ØAgriculture urbaineØ est une expression qui semble assez paradoxale au premier abord la ville étant définie en dehors de l'agriculture. Pourtant, l'association de ces deux termes a priori antinomiques désigne une pratique bien réelle et qui prend sa source au coeur d'anciennes civilisations. Des fouilles archéologiques ont ainsi révélé de vastes systèmes agricoles (réseaux d'irrigation, systèmes de rotation des cultures, potagers et vergers) au sein d'importantes zones urbaines, qu'ils s'agissent de cités grecques du IVème siècle avant J.C., de villes fortifiées de l'Europe médiévale ou de métropoles aztèques datant de plus de quatre mille ans ( Oboulo.com, 2008).

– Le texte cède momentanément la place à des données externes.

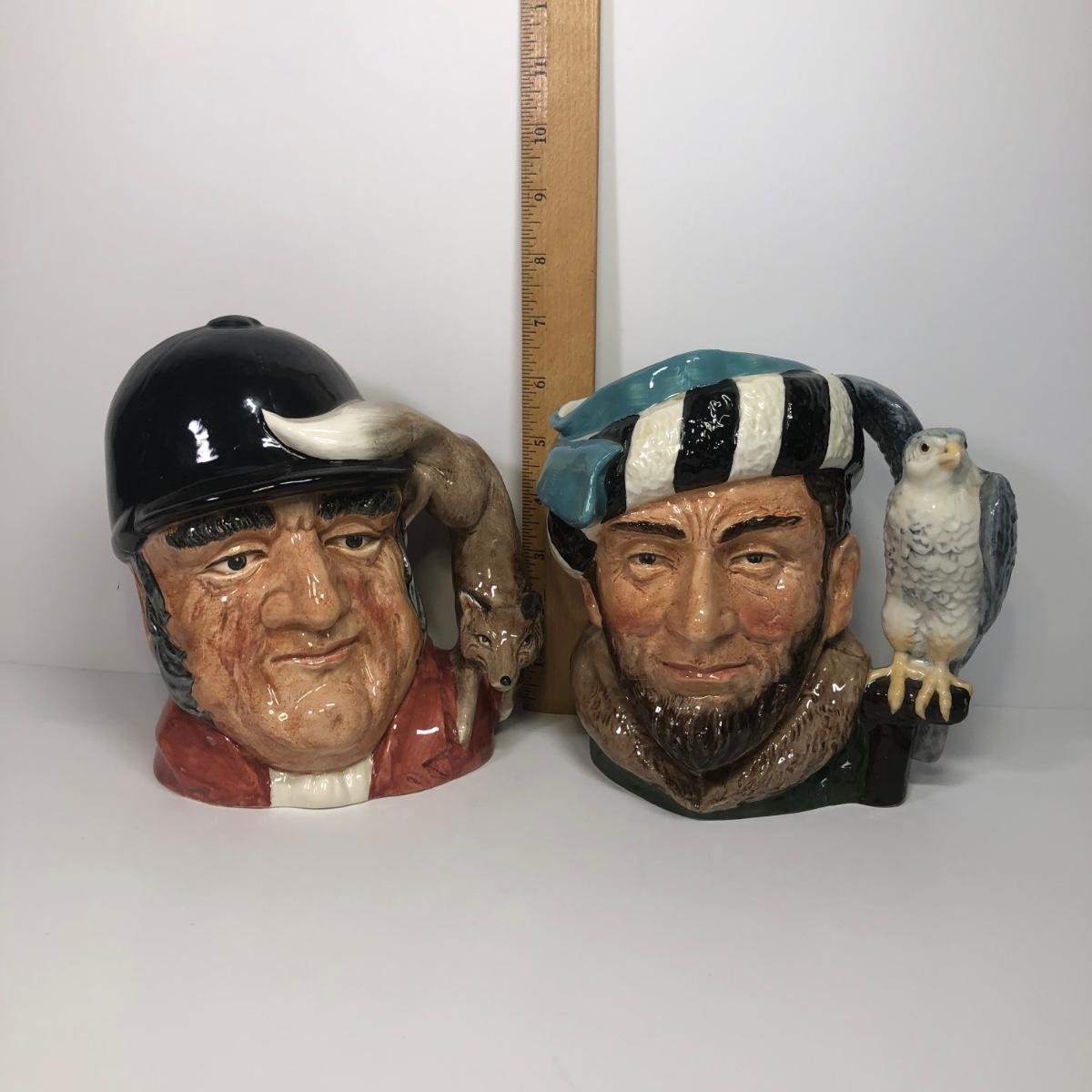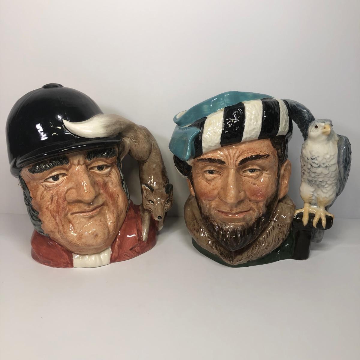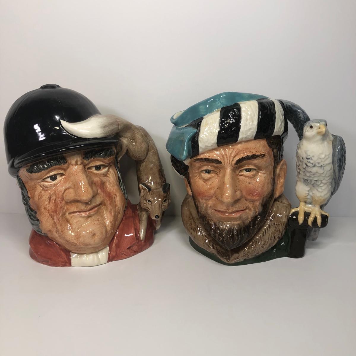 LOT 23M: Vintage Royal Doulton Toby/Character Mugs - 1959 Gone Away D6531 (7") & 1959 The Falconer D6533(7")
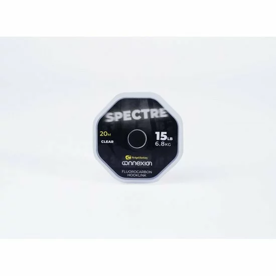 Visibilidad ultrabaja en el agua, 100 % material de eslabón de anzuelo/líder de fluorocarbono. Prácticamente invisible bajo el agua, la alta densidad del material del Spectre Fluorocarbon se adhiere al fondo como un imán y se puede utilizar para muchas aplicaciones diferentes. Producido originalmente como un material de longitud de anzuelo, también es perfecto como líder invisible para cazar peces muy tímidos. Disponible en fuerzas de ruptura de 15 lb y 20 lb.
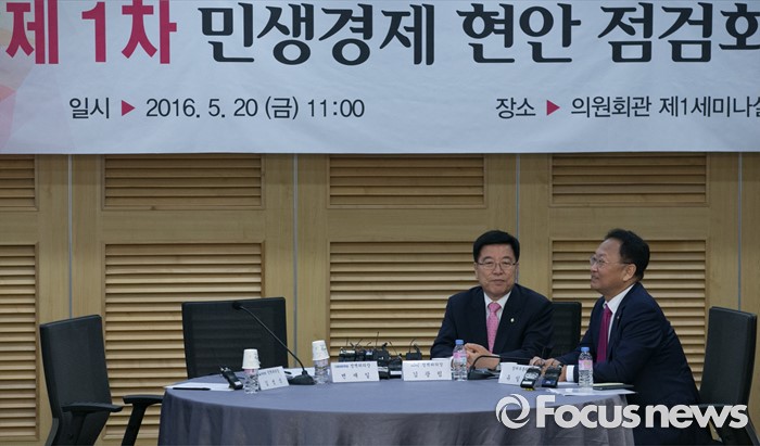(서울=포커스뉴스) 20일 오전 서울 여의도 국회 의원회관에서 열린 1차 민생경제현안점검회의에 참석한 김광림(왼쪽) 새누리당 정책위의장과 유일호 경제부총리 겸 기획재정부 장관이 대화하고 있다.
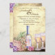 All In One romantic vineyard winery wedding invitation with wine bottle, glasses and grapes on a vintage style background. Add all of your wedding details to the back of this invitation. -

Il y a 4000 ans, dans les villes semi désertiques de perse, une forme d'agriculture intensive y était pratiquée et elle utilisait les déchets de la communauté comme terreau (Vijoen A., et al. 2005, p.IX).

5 On entend par agriculture durable une agriculture qui, dans ses processus de développement, est économiquement viable, socialement vivable et qui préserve les ressources écologiques, pour le présent et pour le futur (notion de solidarité intergénérationnelle issue du rapport Bruntland « Our Common Future » de 1987).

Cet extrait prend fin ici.